The real challenge with a Westercon in the Reno area is that I have yet to find a hotel that is right-sized the way the Sacramento Hilton is. Although I've heard some (sometimes justified) complaints and lukewarm reviews of Westercon 66, overall I think the fact that we "owned the hotel" and had slightly too little room meant that the social aspect of the convention was much better than facilities that have dozens of rooms, thereby allowing Programming to Never Say No, resulting in 27 program tracks, each of which has five people on a head table and two in the audience.
(It is possible that if WC66 had had 50-in-60-minute panels (instead of 60-in-75), they could have put in a few more slots; however, there still would have been a lot of saying No. I like those fifteen-minute breaks myself, and I was impressed at how many panels really did stick to 60 minutes instead of trying to use 80, the way so many 50-in-60s try to make 70-minute panels and don't get out of the way at 50 minutes.)

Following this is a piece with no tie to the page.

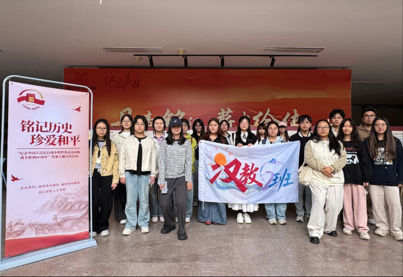 为深切缅怀抗战先烈、弘扬伟大抗战精神、传承红色基因、赓续红色血脉,10月22日,2023级汉语国际教育2班团支部于教学楼连廊参加了“铭记历史、珍爱和平——纪念中国人民抗日战争暨世界反法西斯战争胜利80周年”档案主题宣传活动。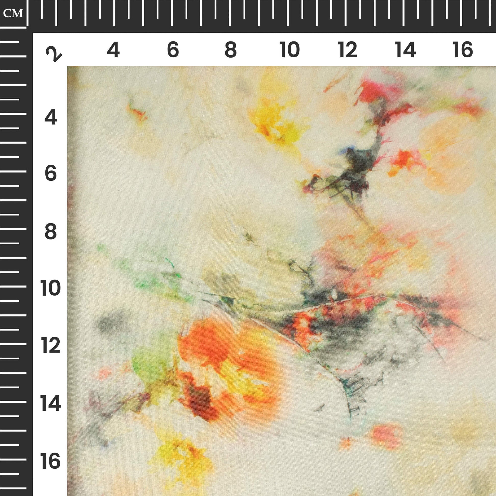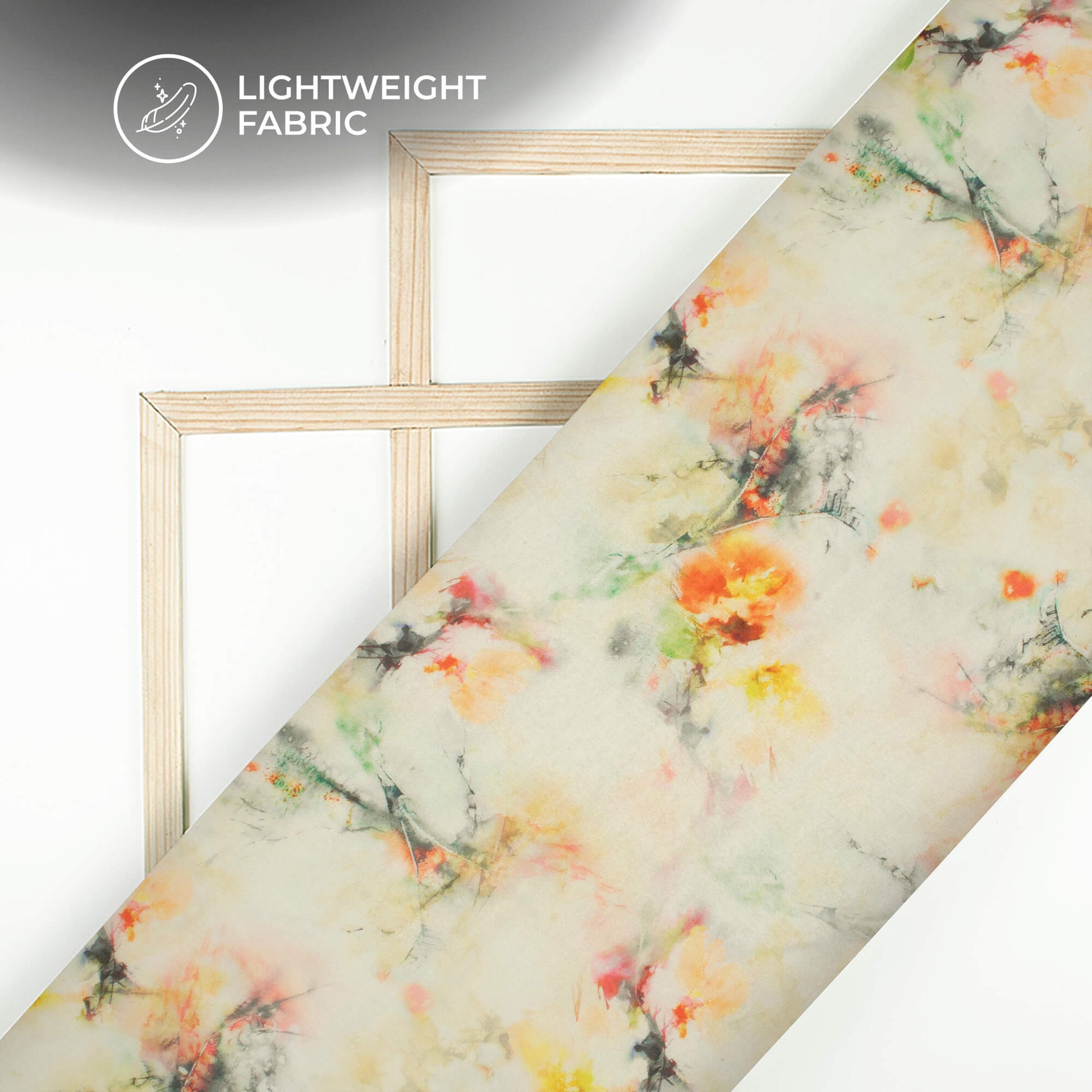 White And Orange Floral Printed Organza Satin Fabric

The Reno/Sparks-area hotels I've reviewed so far (I can't go into a hotel without sizing it up for conventions) are all too large. We could make something happen in them, but the 800 people we expect for a Westercon could easily vanish like a drop of ink in a barrel of water at most facilities. The reason Westercon 66 worked as well as it did was that nearly everyone in the building was One of Us. That doesn't work when there are thousands of other people there while your 800 people are struggling to find each other.